- TASK STATEMENT:
Output each of the entries exactly, skipping every picture they contain.

- Stored items:
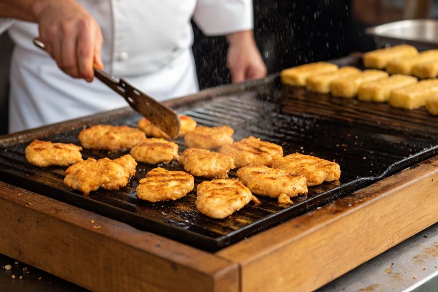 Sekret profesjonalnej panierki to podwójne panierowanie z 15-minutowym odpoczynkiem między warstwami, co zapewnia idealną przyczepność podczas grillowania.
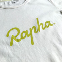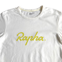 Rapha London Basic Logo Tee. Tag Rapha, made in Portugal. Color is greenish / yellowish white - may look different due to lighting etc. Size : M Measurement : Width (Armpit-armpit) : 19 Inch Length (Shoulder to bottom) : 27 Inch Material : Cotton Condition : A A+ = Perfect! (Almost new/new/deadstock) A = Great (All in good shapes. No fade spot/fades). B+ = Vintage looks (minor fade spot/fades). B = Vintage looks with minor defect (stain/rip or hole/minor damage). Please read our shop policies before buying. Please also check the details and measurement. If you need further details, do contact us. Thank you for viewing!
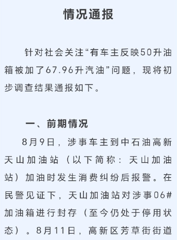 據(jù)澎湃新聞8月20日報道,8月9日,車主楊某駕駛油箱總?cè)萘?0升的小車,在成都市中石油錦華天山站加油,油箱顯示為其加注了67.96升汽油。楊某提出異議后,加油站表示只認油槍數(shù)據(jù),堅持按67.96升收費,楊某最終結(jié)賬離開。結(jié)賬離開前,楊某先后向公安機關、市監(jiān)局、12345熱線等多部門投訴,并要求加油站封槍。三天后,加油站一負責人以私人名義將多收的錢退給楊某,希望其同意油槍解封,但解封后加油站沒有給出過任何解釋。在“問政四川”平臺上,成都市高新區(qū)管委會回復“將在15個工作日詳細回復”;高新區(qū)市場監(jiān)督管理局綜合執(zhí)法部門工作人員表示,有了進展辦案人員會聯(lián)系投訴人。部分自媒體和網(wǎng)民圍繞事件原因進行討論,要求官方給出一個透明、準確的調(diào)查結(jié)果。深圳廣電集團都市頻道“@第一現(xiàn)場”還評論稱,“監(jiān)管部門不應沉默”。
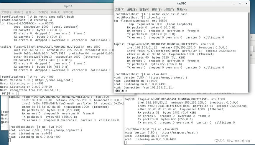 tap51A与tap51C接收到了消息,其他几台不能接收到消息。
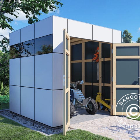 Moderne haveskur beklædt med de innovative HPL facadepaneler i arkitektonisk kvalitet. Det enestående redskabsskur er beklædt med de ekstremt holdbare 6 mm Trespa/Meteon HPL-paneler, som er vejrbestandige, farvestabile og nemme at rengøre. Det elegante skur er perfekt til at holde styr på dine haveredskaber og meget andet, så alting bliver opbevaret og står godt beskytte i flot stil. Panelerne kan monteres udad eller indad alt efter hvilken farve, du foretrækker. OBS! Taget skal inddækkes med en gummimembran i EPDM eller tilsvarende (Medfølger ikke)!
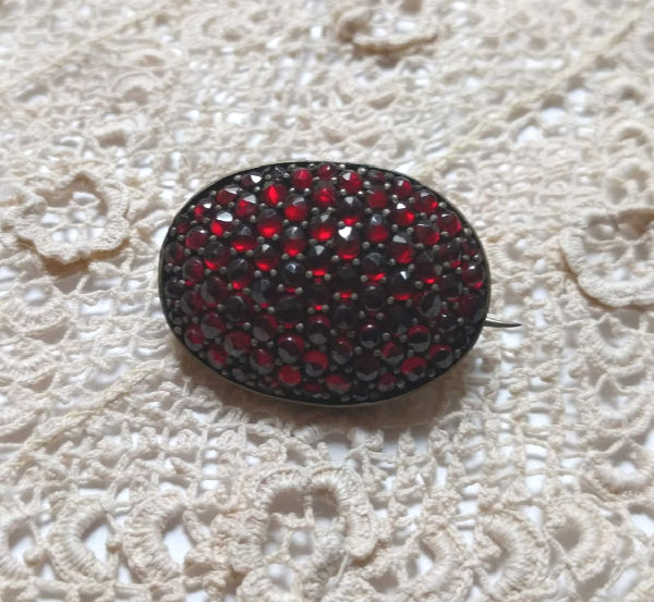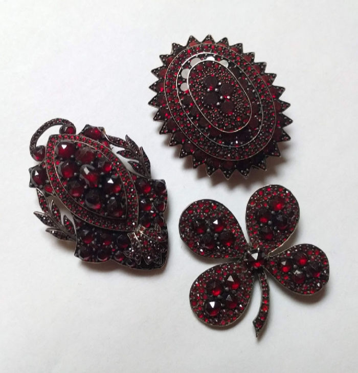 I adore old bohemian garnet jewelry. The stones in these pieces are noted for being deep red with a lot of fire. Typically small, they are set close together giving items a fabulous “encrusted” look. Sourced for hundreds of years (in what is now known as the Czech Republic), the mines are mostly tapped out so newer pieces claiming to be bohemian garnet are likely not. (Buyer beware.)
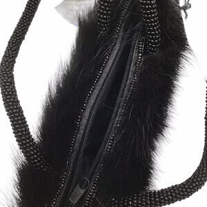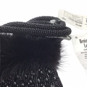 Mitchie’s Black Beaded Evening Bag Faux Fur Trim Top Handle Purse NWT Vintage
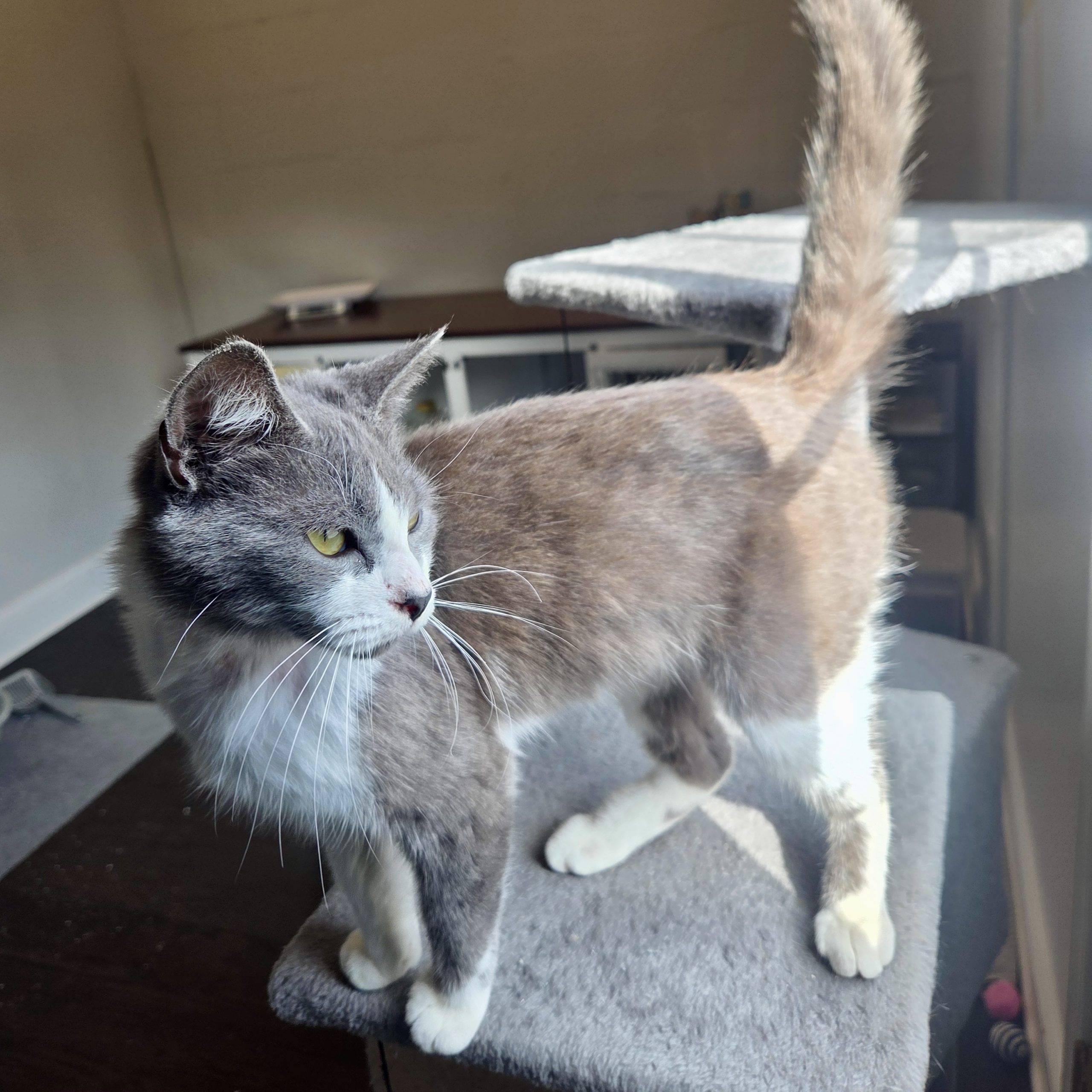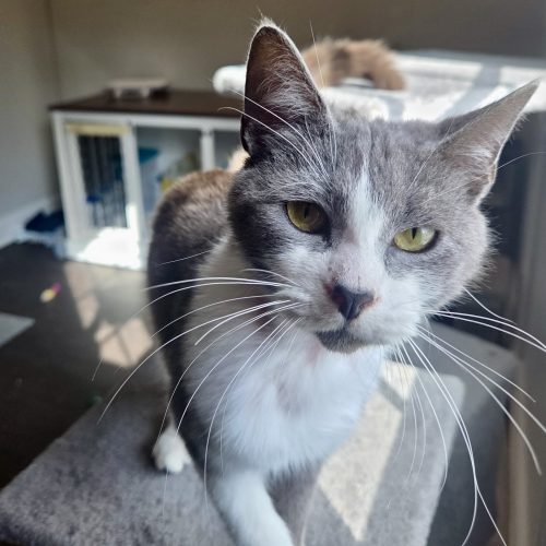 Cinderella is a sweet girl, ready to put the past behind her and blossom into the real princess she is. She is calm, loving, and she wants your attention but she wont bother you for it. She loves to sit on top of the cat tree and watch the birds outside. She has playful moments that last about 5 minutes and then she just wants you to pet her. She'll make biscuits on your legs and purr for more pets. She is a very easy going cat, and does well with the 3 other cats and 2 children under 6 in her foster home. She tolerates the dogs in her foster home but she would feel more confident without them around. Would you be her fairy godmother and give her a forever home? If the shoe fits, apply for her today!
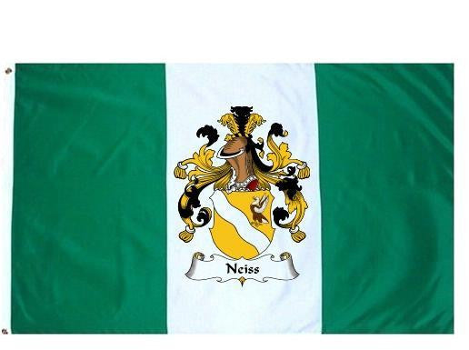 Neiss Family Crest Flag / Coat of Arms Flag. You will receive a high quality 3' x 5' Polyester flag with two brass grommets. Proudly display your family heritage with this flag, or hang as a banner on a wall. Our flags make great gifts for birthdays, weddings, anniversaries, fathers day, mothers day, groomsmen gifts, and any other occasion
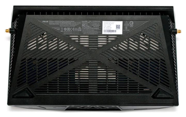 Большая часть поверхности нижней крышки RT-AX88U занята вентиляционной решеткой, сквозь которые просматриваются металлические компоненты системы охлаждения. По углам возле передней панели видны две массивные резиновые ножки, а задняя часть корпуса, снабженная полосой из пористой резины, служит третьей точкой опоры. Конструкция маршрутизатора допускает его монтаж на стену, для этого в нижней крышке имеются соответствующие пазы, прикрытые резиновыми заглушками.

- TASK SOLUTION:
 Sekret profesjonalnej panierki to podwójne panierowanie z 15-minutowym odpoczynkiem między warstwami, co zapewnia idealną przyczepność podczas grillowania.
 Rapha London Basic Logo Tee. Tag Rapha, made in Portugal. Color is greenish / yellowish white - may look different due to lighting etc. Size : M Measurement : Width (Armpit-armpit) : 19 Inch Length (Shoulder to bottom) : 27 Inch Material : Cotton Condition : A A+ = Perfect! (Almost new/new/deadstock) A = Great (All in good shapes. No fade spot/fades). B+ = Vintage looks (minor fade spot/fades). B = Vintage looks with minor defect (stain/rip or hole/minor damage). Please read our shop policies before buying. Please also check the details and measurement. If you need further details, do contact us. Thank you for viewing!
 據(jù)澎湃新聞8月20日報道,8月9日,車主楊某駕駛油箱總?cè)萘?0升的小車,在成都市中石油錦華天山站加油,油箱顯示為其加注了67.96升汽油。楊某提出異議后,加油站表示只認油槍數(shù)據(jù),堅持按67.96升收費,楊某最終結(jié)賬離開。結(jié)賬離開前,楊某先后向公安機關、市監(jiān)局、12345熱線等多部門投訴,并要求加油站封槍。三天后,加油站一負責人以私人名義將多收的錢退給楊某,希望其同意油槍解封,但解封后加油站沒有給出過任何解釋。在“問政四川”平臺上,成都市高新區(qū)管委會回復“將在15個工作日詳細回復”;高新區(qū)市場監(jiān)督管理局綜合執(zhí)法部門工作人員表示,有了進展辦案人員會聯(lián)系投訴人。部分自媒體和網(wǎng)民圍繞事件原因進行討論,要求官方給出一個透明、準確的調(diào)查結(jié)果。深圳廣電集團都市頻道“@第一現(xiàn)場”還評論稱,“監(jiān)管部門不應沉默”。
 tap51A与tap51C接收到了消息,其他几台不能接收到消息。
 Moderne haveskur beklædt med de innovative HPL facadepaneler i arkitektonisk kvalitet. Det enestående redskabsskur er beklædt med de ekstremt holdbare 6 mm Trespa/Meteon HPL-paneler, som er vejrbestandige, farvestabile og nemme at rengøre. Det elegante skur er perfekt til at holde styr på dine haveredskaber og meget andet, så alting bliver opbevaret og står godt beskytte i flot stil. Panelerne kan monteres udad eller indad alt efter hvilken farve, du foretrækker. OBS! Taget skal inddækkes med en gummimembran i EPDM eller tilsvarende (Medfølger ikke)!
 I adore old bohemian garnet jewelry. The stones in these pieces are noted for being deep red with a lot of fire. Typically small, they are set close together giving items a fabulous “encrusted” look. Sourced for hundreds of years (in what is now known as the Czech Republic), the mines are mostly tapped out so newer pieces claiming to be bohemian garnet are likely not. (Buyer beware.)
 Mitchie’s Black Beaded Evening Bag Faux Fur Trim Top Handle Purse NWT Vintage
 Cinderella is a sweet girl, ready to put the past behind her and blossom into the real princess she is. She is calm, loving, and she wants your attention but she wont bother you for it. She loves to sit on top of the cat tree and watch the birds outside. She has playful moments that last about 5 minutes and then she just wants you to pet her. She'll make biscuits on your legs and purr for more pets. She is a very easy going cat, and does well with the 3 other cats and 2 children under 6 in her foster home. She tolerates the dogs in her foster home but she would feel more confident without them around. Would you be her fairy godmother and give her a forever home? If the shoe fits, apply for her today!
 Neiss Family Crest Flag / Coat of Arms Flag. You will receive a high quality 3' x 5' Polyester flag with two brass grommets. Proudly display your family heritage with this flag, or hang as a banner on a wall. Our flags make great gifts for birthdays, weddings, anniversaries, fathers day, mothers day, groomsmen gifts, and any other occasion
 Большая часть поверхности нижней крышки RT-AX88U занята вентиляционной решеткой, сквозь которые просматриваются металлические компоненты системы охлаждения. По углам возле передней панели видны две массивные резиновые ножки, а задняя часть корпуса, снабженная полосой из пористой резины, служит третьей точкой опоры. Конструкция маршрутизатора допускает его монтаж на стену, для этого в нижней крышке имеются соответствующие пазы, прикрытые резиновыми заглушками.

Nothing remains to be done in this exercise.